This indemnity shall survive any termination or expiry of this Agreement and shall apply whether or not the Licensee has been negligent or at fault. 

  1. LICENSEE DATA 
    1. Ownership of all Licensee Data including any Intellectual Property Rights in any Licensee Data shall at all times remain vested in the Licensee notwithstanding the uploading, collection or use of any such Licensee Data onto or via the Service.
    2. The Licensee hereby grants to SeenMachine a perpetual, irrevocable, non-exclusive, non-transferable, royalty free licence to use and process the Licensee Data for any purpose.
    3. The Licensee shall ensure that any Licensee Data which it: 
      1. uploads via the Service shall comply with the SeenMachine Advertising Content Guidelines; and
      2. collects or uses onto or via the Service is complete, accurate, and up-to date and does not contain any virus, worm, Trojan horse or other components which may be harmful to or disrupt the Service.
    4. Without prejudice to any of the other rights and remedies of SeenMachine, the Licensee acknowledges that SeenMachine shall not be liable for any failure or delay in complying with any of its obligations under this Agreement nor for any error or omission in the provision of the Service to the extent that any such failure, delay, error or omission is caused as a result of any failure by the Licensee to comply with its obligations under Clause 9.3.
  2. DATA PROTECTION
    1. The Licensee acknowledges that any personal data it provides to SeenMachine including, without limitation, in the Registration Form, shall be processed by the Licensee in accordance with the SeenMachine Privacy Notice.
  3. TERMINATION
    1. Without prejudice to any other rights or remedies available to it, either party may terminate this Agreement at any-time for convenience by written notice, provided that if SeenMachine terminates this Agreement for convenience, SeenMachine shall refund any Charges to the Licensee in relation to any Advertisements that have not been published.
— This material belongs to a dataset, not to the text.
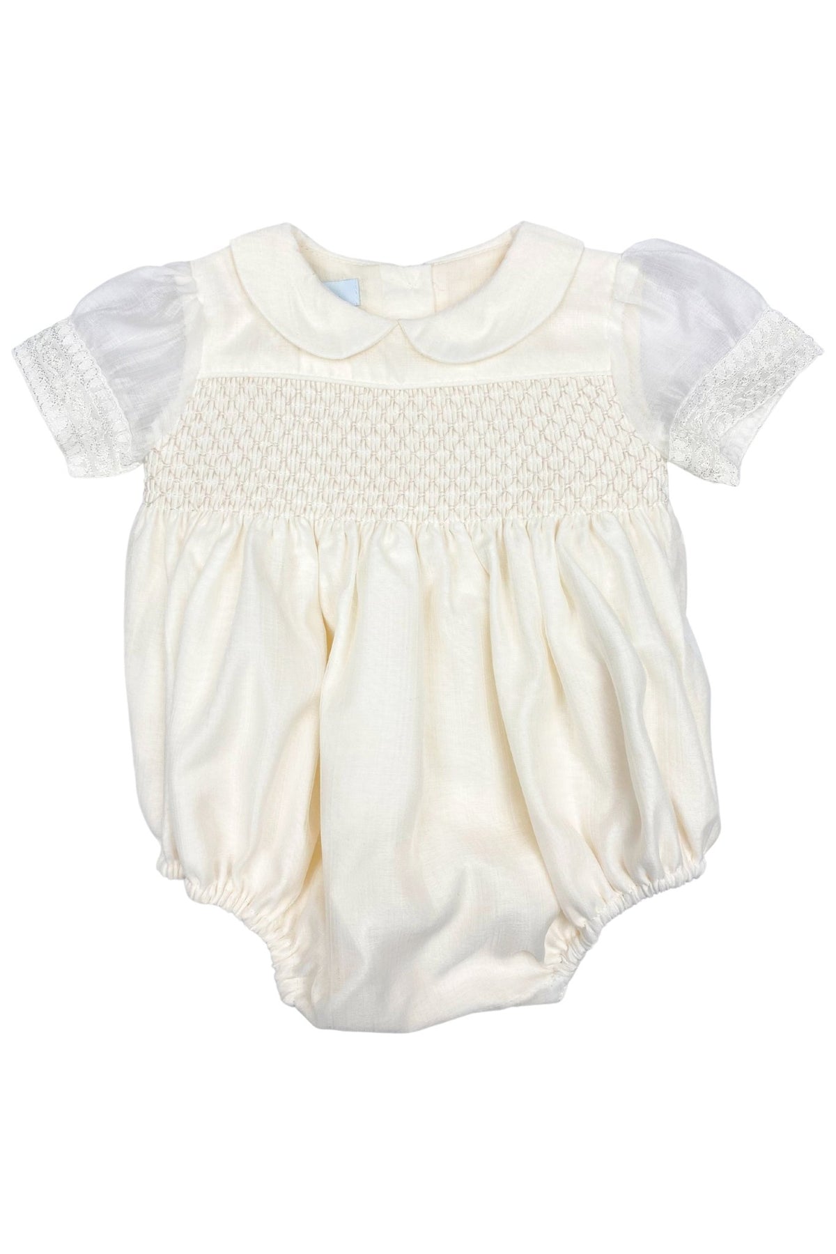 رومبر كلاسيكي مطرز من المصممة الإسبانية أرتيسانيا غرانلي . نقدم لكم رومبر "أسبن" - مزيج مثالي من النعومة والأناقة والجاذبية! يتميز هذا الرومبر المناسب للجنسين بأكمام منفوخة رقيقة وشفافة مزينة بدانتيل أنيق، ومزين بتطريز يدوي رائع على الصدر. مثالي لأي مناسبة، سواءً كانت حفل تعميد رسمي أو يوم ممتع في الحديقة.

Subject to Clause 11.2, if the Licensee terminates this Agreement for convenience, then the Licensee will not be entitled to a refund of any Charges already paid.
    2. Where the Licensee is a consumer, the Licensee acknowledges and agrees that by submitting an Advertisement to SeenMachine to be published as part of the Services:
      1. the Licensee consents to SeenMachine publishing the Advertisement within the statutory 14-day cancellation period afforded to consumers, which begins on the day that the Advertisement is published via the Services; and
      2. the Licensee’s right to cancel the contract at no cost to the Licensee during the 14-day cancellation period shall be lost.
    3. Without prejudice to any other rights or remedies available to it, SeenMachine may terminate or suspend this Agreement and/or remove any Advertisement at any-time by giving written notice to the Licensee if any of the following events occur:
      1. the Licensee commits any material breach of this Agreement and either:
        1. that breach is not capable of remedy; or
        2. that breach is capable of remedy, but the Licensee fails to remedy it within 30 days of receiving a written notice from SeenMachine containing full particulars of the material breach and requiring it to be remedied; 
      2. the Licensee becomes bankrupt or goes into liquidation (whether voluntary or compulsory), becomes insolvent, is dissolved, compounds with its creditors or has a receiver, administrative receiver or administrator appointed over the whole or any part of its assets or a petition is presented, or a meeting is convened for the purpose of considering a resolution, for the making of an administrative order, the winding-up, bankruptcy or dissolution of the Licensee or the Licensee suffers any similar process in any jurisdiction outside of England and Wales; 
      3. SeenMachine reasonably believes that the Licensee has acted illegally, fraudulently and/or been abusive to its staff and/or prospective buyers; or
      4. any competent law enforcement or compliance authority instructs, advises or makes a recommendation to SeenMachine to remove any Advertisements and/or suspend or terminate the provision of Services to the Licensee. 
    4. Upon termination or expiry of this Agreement for any reason all rights granted to the Licensee under this Agreement shall cease (save to the extent any such right is expressly stated to survive or extend beyond termination) and the Licensee shall:
      1. cease all use of and access to the Service and all other activities authorised under this Agreement, and if requested to do so by SeenMachine certify to SeenMachine in writing via a senior officer of the Licensee that it has done so; and
      2. immediately pay to SeenMachine without need for demand any sums due or accrued to SeenMachine from the Licensee under this Agreement (including any Charges) which are unpaid.
    5. Termination or expiry of this Agreement on whatever basis shall be without prejudice to any rights or obligations of either party which have accrued prior to the date of termination and shall not affect the continuing in or coming into force of any provision of this Agreement which, whether expressly or by implication, is to continue in or come into force following expiry or termination.
  4. LIMITATION OF LIABILITY
    1. Neither party seeks to limit or exclude in any way its liability for death or personal injury caused by negligence; for fraud or fraudulent misrepresentation; for any breach of the obligations implied by section 12 of the Sale of Goods Act 1979 or section 2 of the Supply of Goods and Services Act 1982; and/or for any other matter or liability which cannot be lawfully limited or excluded. Each provision of this Agreement shall be read as subject to this Clause 12.1 and no provision of this Agreement is intended to nor shall be interpreted as seeking to limit or exclude any of the foregoing types of liability.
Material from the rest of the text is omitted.